2 – sur une perte de chance
L’article 1147 ancien (1231-1 nouveau) du code civil dispose que 'le débiteur est condamné, s’il y a lieu, au paiement de dommages et intérêts, soit à raison de l’inexécution de l’obligation, soit à raison du retard dans l’exécution, toutes les fois qu’il ne justifie pas que l’inexécution provient d’une cause étrangère qui ne peut lui être imputée, encore qu’il n’y ait aucune mauvaise foi de sa part'. Aux termes de l’article 9 du code de procédure civile, 'il incombe à chaque partie de prouver conformément à la loi les faits nécessaires au succès de sa prétention'.
La société La Clé des Vignes ne justifie ni d’une faute de l’architecte ainsi que précédemment rappelé, ni d’un préjudice né d’une perte de chance, les revenus qu’elle pouvait espérer tirer de l’exploitation de la construction envisagée n’ayant été qu’hypothétiques.
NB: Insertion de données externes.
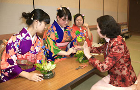 這一天,山形大學(xué)的10名中國(guó)女留學(xué)生與來(lái)自山形縣的20位致力于日中友好事業(yè)的朋友們一起交流。中國(guó)女留學(xué)生們穿上鮮艷的和服,在日本朋友的指導(dǎo)下用心體驗(yàn)插花與茶道文化的奧妙。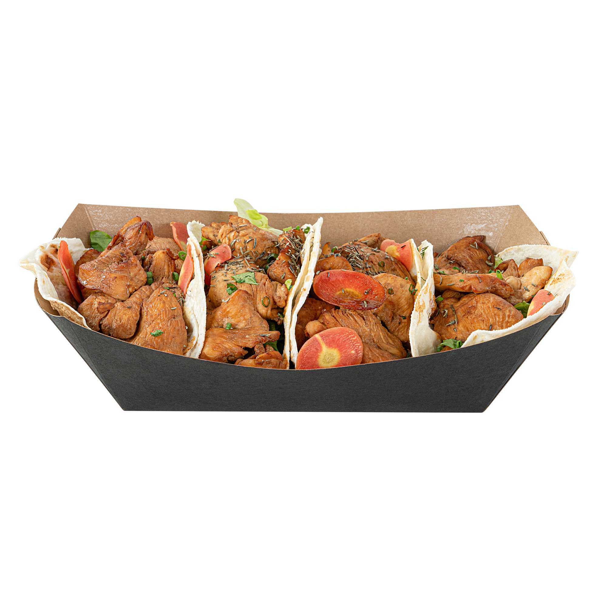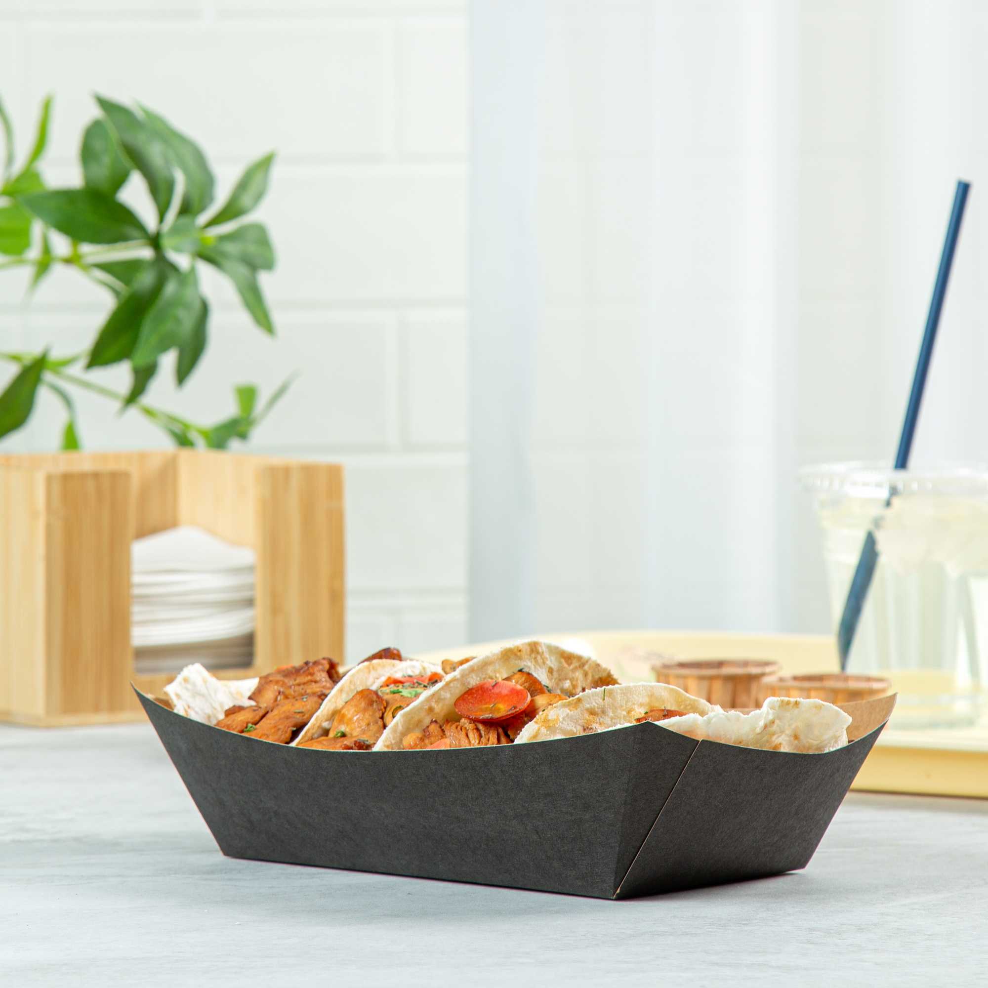 These paper food boat trays have an ultra-portable design to easily serve meals. Ideal for food trucks, family parties, and catering companies!

Sa demande indemnitaire n’es pour ces motifs pas fondée.
3- pénalité de retard
L’article 'P 6.4 – pénalités de retard applicables à l’architecte' du cahier des clauses particulières stipule que : 'En cas de retard imputable à l’architecte dans la présentation des documents de chaque élément de mission dont les délais sont indiqués aux articles P 5.1.1. et P 5.21.2 du présent contrat, l’architecte :
encourt la pénalité fixée à l’article G 5.4 (1/1000ème de l’élément de mission concerné par jour de retard)'.
La société La Clé des Vignes, qui a pris l’initiative de la rupture du contrat, ne justifie pas que la demande de permis de construire n’a pas été déposée dans les délais stipulés. Sa demande en paiement n’est pour ces motifs pas fondée.
Le jugement sera pour dès lors confirmé en ce qu’il a rejeté l’ensemble des demandes reconventionnelles de la société La Clé des Vignes.
C – SUR LES DEMANDES PRESENTEES SUR LE FONDEMENT DE L’ARTICLE 700 DU CODE DE PROCÉDURE CIVILE
Le premier juge a équitablement apprécié l’indemnité due sur ce fondement par la société La Clé des Vignes.
Il serait par ailleurs inéquitable et préjudiciable aux droits de l’intimé de laisser à sa charge les sommes exposées par lui et non comprises dans les dépens d’appel. Il sera pour ce motif fait droit à la demande formée de ce chef pour le montant ci-après précisé.
[…]
La charge des dépens d’appel incombe à l’appelante.
PAR CES MOTIFS
statuant par arrêt mis à disposition au greffe, contradictoire et en dernier ressort,
CONFIRME le jugement du 1er juin 2018 du tribunal de grande instance de Saintes ;
y ajoutant,
DIT que les intérêts de retard calculés au taux contractuel sur la somme due en principal par la société La Clé des Vignes sont dus à compter du 3 mars 2014;
CONDAMNE la société La Clé des Vignes à payer à A Y la somme de 1.500 € sur le fondement de l’article 700 du code de procédure civile ;
CONDAMNE la société La Clé des Vignes aux dépens d’appel.